Primeiro é importante destacar que a liminar e essa audiência pública foram resultados de um forte enfrentamento que os petroleiros, seus sindicato e a FUP travaram diante das investidas do governo golpista, visando a entrega de diversas partes da nossa empresa. Por isso, a audiência vai ser uma grande oportunidade de demonstrar o equívoco das privatizações.
Quanto a sairmos vitoriosos, isso vai depender muito do resultado de outra batalha que estamos enfrentando nesse momento.
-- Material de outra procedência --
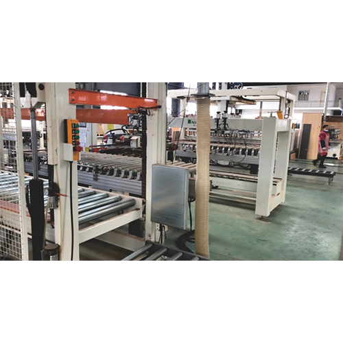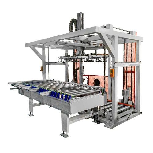 Пакет деталей перемещается в зону загрузчки. Вакуумный загрузчик с присосками поочередно снимает один слой заготовок и перемещает на роликовый транспортер для последовательной подачи деталей в станок для обработки. Система может загружать и разгружать как одну, так и несколько панелей в один и в два ряда.

Afinal o congresso que irá decidir se pode ou não vender o patrimônio do povo, segundo a decisão do ministro, será aquele que sair das urnas em 7 de outubro. Hoje 73% dos deputados são empresários ou latifundiários, se isso se repetir provavelmente todas as votações de vendas serão autorizadas.
Ainda há alguma luz no fim do túnel diante de tantos ataques à soberania nacional?
O que nos alenta é que há uma parcela relevante do pré-sal que ainda está nas mãos da Petrobrás. Além disso, existe um volume importante de reservas a ser recuperado na Bacia de Campos. Junto disso, a Petrobrás ainda mantém investimentos em áreas renováveis – apesar da forte redução ocorrida nos últimos dois anos – como biocombustíveis e eólica. Portanto, todos esses ativos permitem que, se revertida a política de desmonte do governo Temer e da gestão Parente-Monteiro, a Petrobrás possa recuperar sua trajetória de grande investidora no Brasil e, principalmente, de assegurar nossa soberania energética. No entanto, é importante que, além da mudança da Petrobrás, as medidas aprovadas pelo governo Temer que transferiram as reservas do pré-sal para empresas estrangeiras sejam revertidas. Somente dessa forma poderemos retomar o projeto de soberania energética e de desenvolvimento do pré-sal para os interesses do povo brasileiro.